* [WORK TASK]:
Narrow the data below down to the lines containing "intended".

* [AVAILABLE DATA]:
------------------------------------------------------------------------

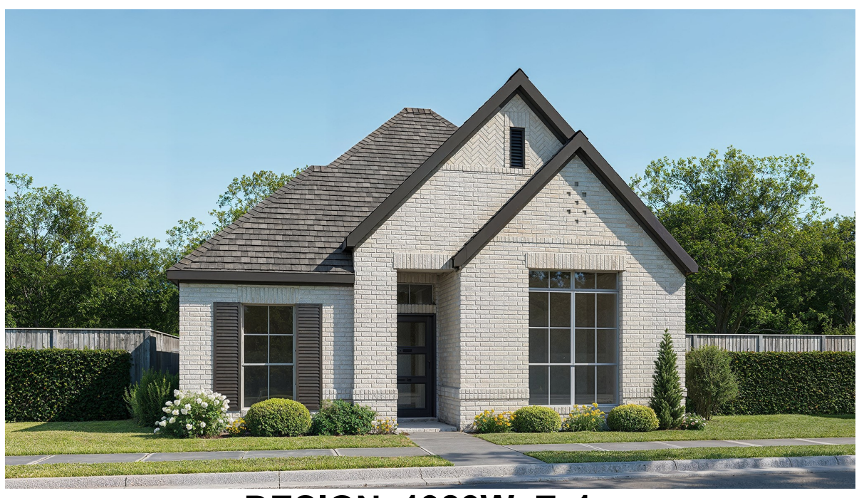
DESIGN 1983W E-1
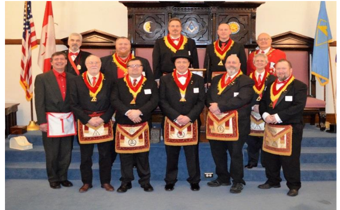
The Officers for 2017 of Skehinah #104.

Both of Anoka Lodges York Rite bodies held thirs Installation for 2017 this past month.
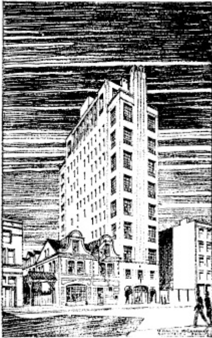
THE FOUNDRY, HOBOKEN
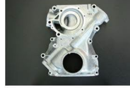
L-shaped front cover (Updated 2025.4.9)

*For manual transmission vehicles up to S52. ¥1,930
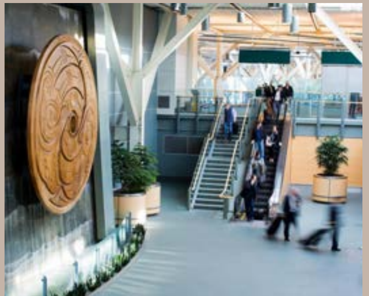
FLIGHT, SUSAN POINT, 1995
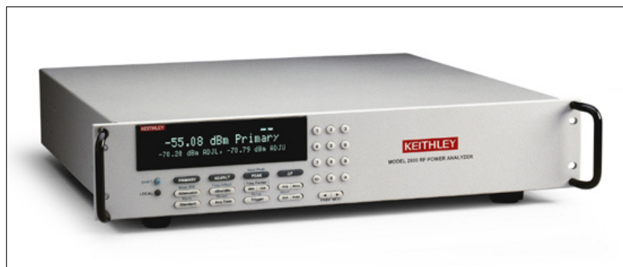
Figure 1. The Keithley Model 2800 RF Power Analyzer is intended for production testing of cell phones and RFIC power amplifiers.

A spectrum analyzer, being a very versatile instrument, is correspondingly laborious to set up. An RF power analyzer, because it is intended for certain specific tests, has the parameters for those tests pre-programmed. It can be set up from the front panel using a menu, or by computer via an IEEE-488 link. It can take just five GPIB commands to measure and transfer five readings—carrier channel power, upper adjacent channel power, lower adjacent channel power, upper alternate channel power, and lower alternate channel power—to the external PC controller. A spectrum analyzer may take from two to eight times as many commands to do the same job.
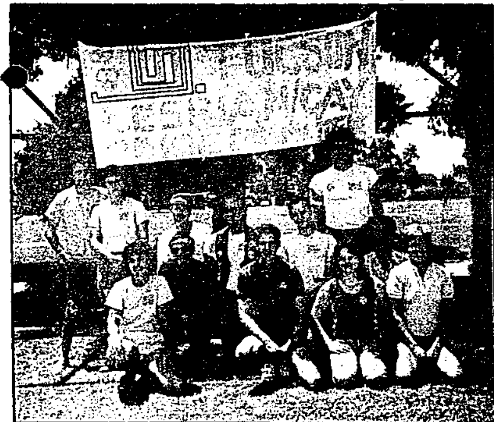
TUCSON - Shown above are a few of the members of the Tucson Lesbian and Gay Pride Committee. Every member worked

hard and long to produce the week-long Pride Week '85 festival last month. All are to be congratulated. Tucson Lesbian and Gay Pride Week is now history. This leaves myself and the other members with mixed feelings. It is real nice to be able to take a deep breath and relax after several weeks of what seemed unending work, but it is also sad to let go of the sense of unity and strength and indeed intense pride that we all felt throughout the week. If nothing else was accomplished, it was surely enough reward to just have experienced sharing with all the beautiful people that participated not only in the planning but in the enjoyment of attending all the activities. I thank you all for this week's experience.
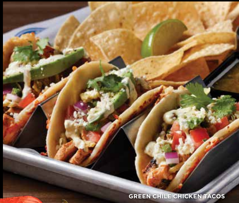
GREEN CHILE CHICKEN TACOS
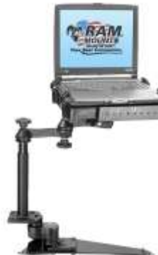
RAM-VB-138ST1-SW1 VEHICLE SYSTEM FOR THE 2006- NEWER TOYOTA FJ CRUISER
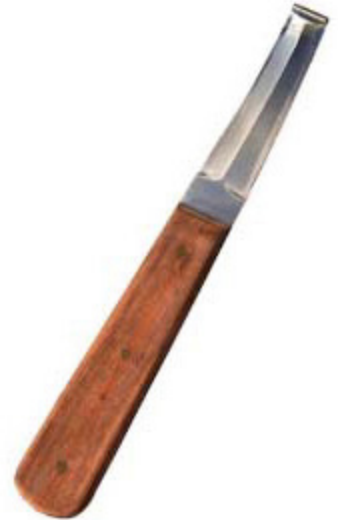
Wide blade - double edge 5/8 V-2110-

Double edge hoof knife with a 5/8" wide blade, stainless steel.
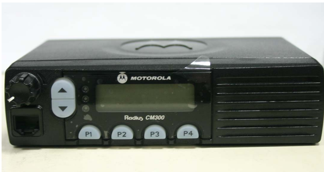
Figure 3-2: Front View, CM300 Model
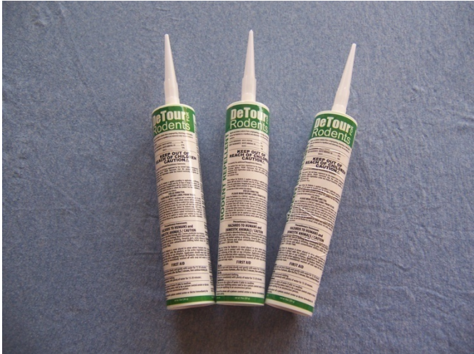
DeTour in the 10 Oz Tubes requires the use of a standard caulking gun
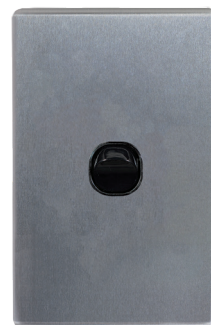
Example of cover plate with FLPPSW1GCBA with FLPPSWV1GBK
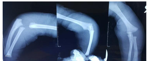
Figure 1. Anteroposterior and Lateral Radiographs at 9 Days Showing Posteromedial Radio-Ulnar Displacement

A 9-day-old term neonate, born via uncomplicated vaginal delivery, presented with restricted movement of the right upper limb. Although discharged without issues per medical records, the parents reported symptom onset from birth. Examination revealed elbow swelling, tenderness, and reduced ROM, with intact neurovascular status and a preserved posterior elbow triangle. Laboratory tests showed no infection. Anteroposterior (AP) and lateral radiographs (Figure 1) demonstrated posteromedial displacement of the radio-ulnar complex, consistent with a Salter-Harris type I distal humerus physeal separation. Due to delayed presentation, closed reduction was not attempted, and the elbow was immobilized with a splint. One week later, radiographs showed early callus formation (Figure 2). At follow-up three weeks later, the patient's splint was removed. The patient was revisited 50 days later, with radiographs indicating healing (Figure 3) and near-normal ROM despite mild varus (Figure 4).
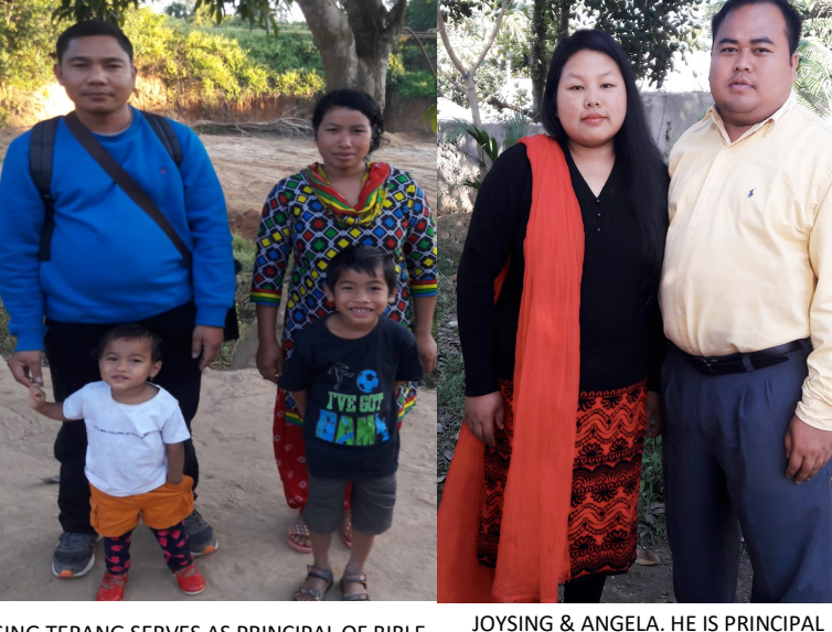
INSTITUTE IN NAGALAND, N.E. INDIA, 30 MEN & 8 WOMEN
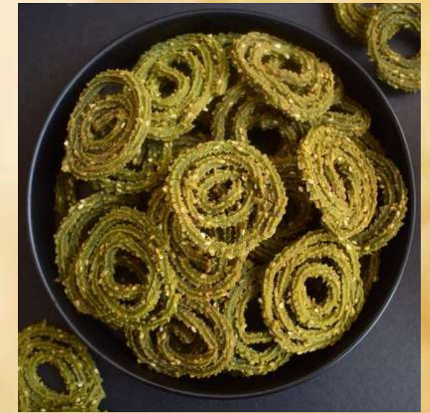
CURRY LEAVES MURUKKU
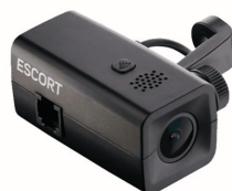
M1 Dash Cam

Radar Detector & Dash Cam not included**
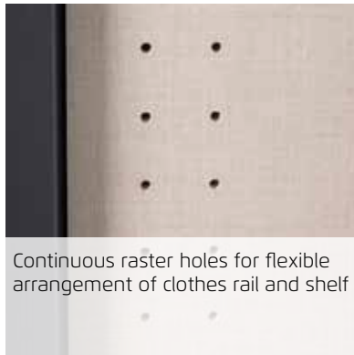
Continuous raster holes for flexible arrangement of clothes rail and shelf
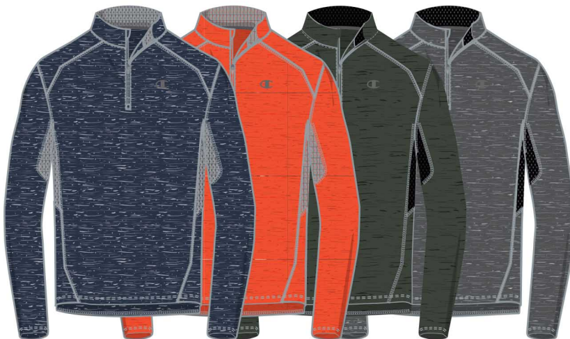
NAVY HEATHER/ CONCRETE
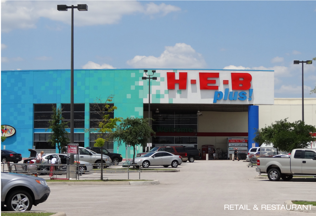
RETAIL & RESTAURANT

LEANDER, TX | NWC HWY 183 & WEST FM 2243
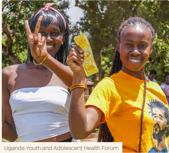
Uganda Youth and Adolescent Health Forum

How the Alliance’s collaborative power accelerates progress
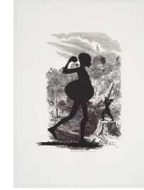
Signal Station, Summit of Maryland Heights, from "Harper's Pictorial History of the Civil War (Annotated)"
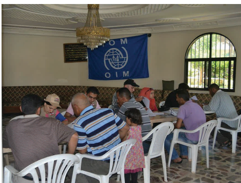
From 18 to 26 July, 577 Lebanese returnee households were registered in Wadi Khaled.

A total of 7,295 Lebanese returnees were registered as of July 26
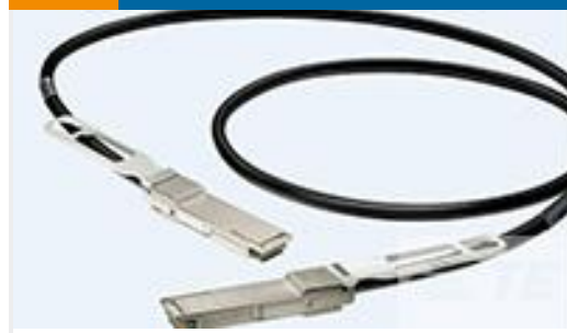
TE Part # 2829040-7 QSFP IB EDR, 26AWG, 2.0M

------------------------------------------------------------------------

* [TASK RESULT]:
Figure 1. The Keithley Model 2800 RF Power Analyzer is intended for production testing of cell phones and RFIC power amplifiers.
A spectrum analyzer, being a very versatile instrument, is correspondingly laborious to set up. An RF power analyzer, because it is intended for certain specific tests, has the parameters for those tests pre-programmed. It can be set up from the front panel using a menu, or by computer via an IEEE-488 link. It can take just five GPIB commands to measure and transfer five readings—carrier channel power, upper adjacent channel power, lower adjacent channel power, upper alternate channel power, and lower alternate channel power—to the external PC controller. A spectrum analyzer may take from two to eight times as many commands to do the same job.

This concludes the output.